CHINESE — MASTERY & COURSEWORK
Growing up in Singapore, Mandarin Chinese has always been more than an academic subject — it is a living language woven into the fabric of daily life, community, and heritage. I have pursued mastery of the language with the same rigour I apply to every intellectual endeavour, culminating in a GCE O-Level Chinese A1 and a Distinction in Oral Chinese.
My command of the language extends beyond grammar and vocabulary. The two coursework videos below, produced entirely in Mandarin, reflect my ability to communicate with fluency, precision, and cultural sensitivity. The Shanghai Humanities Overseas Cultural Programme (2025) further deepened this engagement, immersing me in Mainland Chinese society, contemporary discourse, and lived culture.
For me, Chinese proficiency is not merely a credential — it is a bridge to the 1.4 billion voices that shape a significant portion of our world's thought, commerce, and culture.
新加坡必游景点
Top Attractions to Explore in Singapore
发现娘惹文化的丰富遗产
Discovering the Rich Heritage of Peranakan Culture
SPANISH — AN ONGOING JOURNEY
Committed to becoming trilingual, I am on a structured journey in Spanish: having passed DELE A1 (Instituto Cervantes) and now sitting DELE A2 in May 2026. Spanish is not merely a third language; it is a gateway to Latin American political thought, Iberian literature, and the lived realities of the world’s second-largest native-speaking community. As I deepen my linguistic foundation, I am simultaneously engaging with the cultural and intellectual traditions the language carries.
COMMUNICATION IN PRACTICE
Debate, MUN, and public speaking are where the ideas get tested. Not in theory but in real time, in front of people who disagree with you. What follows is a selection of the competitions and sessions that have genuinely changed how I argue, listen, and adapt.
Award Highlights
COMPETITIVE DEBATE
Thoburn Cup 2022 — Champion + 1st Best Speaker
Secondary Schools Debating Championships 2024 — Plate Champions + Best Speaker
Debatable Open 2025 — 1st Runner Up + 5th Best Speaker
MOE-ACJC Intercollegiate Debating Championship (MIDC) 2025 — 1st Runner Up + 7th Best Speaker
MODEL UNITED NATIONS
Yale Model United Nations Singapore — Best Delegate (2024, 2025, 2026)
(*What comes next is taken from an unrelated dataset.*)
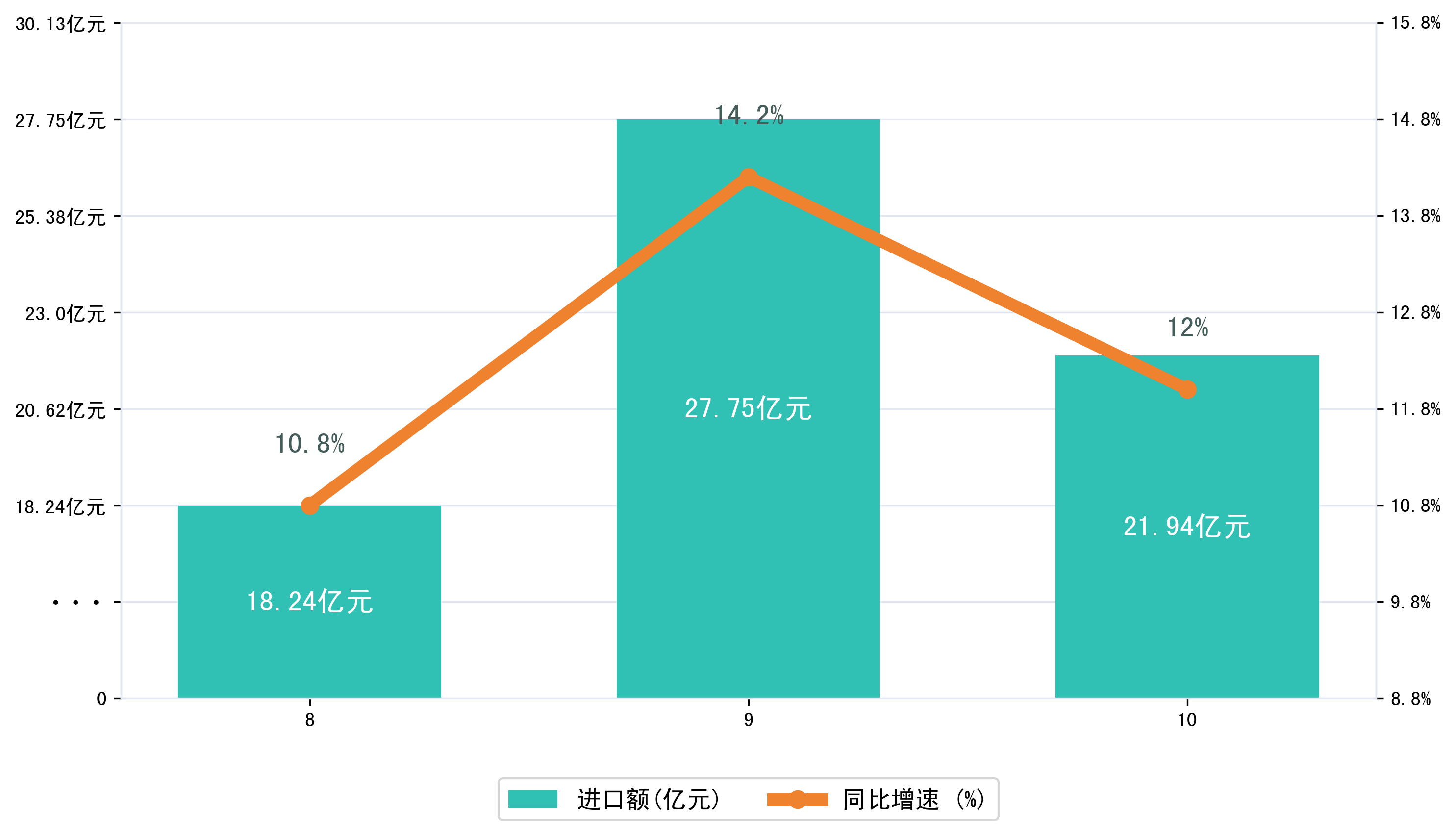 (图三:2025年8-10月贵州省进口额)

Singapore Model United Nations Conference 2024 — Discretionary Best Delegate + Best Position Paper
International Model United Nations Conference 2025 — Head Chair
PUBLIC SPEAKING
Orators' Trophy 2022 — 2nd Runner Up (National Competition)
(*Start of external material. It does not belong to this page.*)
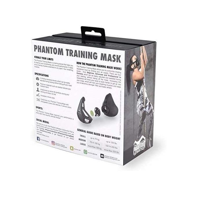 - Training Mask is an innovative mask for training respiratory muscles and improve fitness during sports, it prevents premature feeling of fatigue and reduces heart rate.Individual Respiratory Regulation System for difficulty 4 levels Anatomical fit for a perfect fit.Breathable and sweat-wicking strap for comfortable wearing wearing the mask Cover and sleeves are interchangeable Easy to clean, Cover and Control System Made of durable nylon material, mask body is made of medical silicone You can easily find out the right size for you by comparing your body weight with our size recommendations

John Locke Institute PPE Summer School 2025 — Best Speaker, Ideological Turing Test
Watch Spotlight Moments
MIDC 2025 - Moments from across the rounds
Winning speech at the Ideological Turing Test - John Locke Institute PPE 2025.
Emceeing ACSI Founder's Day 2025
Representing Switzerland at YMUN 2026 in the CSTD, debating the impact of AI in education.
Words in Action
The results are on record. What they do not show is what the practice built: the ability to hold a position under pressure, listen to a counterargument, and adjust without losing the thread. That transfers to everything else on this site more directly than any trophy does.
THE EXPERIENCES THAT STAYED
Not every formative experience happens in a classroom. These span academic programmes, professional settings, and cross-cultural immersion. Each one changed how I think, asked harder questions, and left me seeing things differently than before.
WHAT I AM BUILDING TOWARD
I do not have a five-year plan. But I know the direction. Project Flare is expanding into Indonesia. Project Reperio continues every week across the border in Malaysia. The research on misinformation is now published in an international journal and presented at an international academic conference. The geography keeps widening. So does the question. What would it actually take to build communication capacity not just in one classroom, but across a region? Not as a volunteer initiative, but as something that lasts? I do not have the full answer yet. But the direction is clear, and I know that finding it properly will require an education that takes the world seriously, not just one country at a time.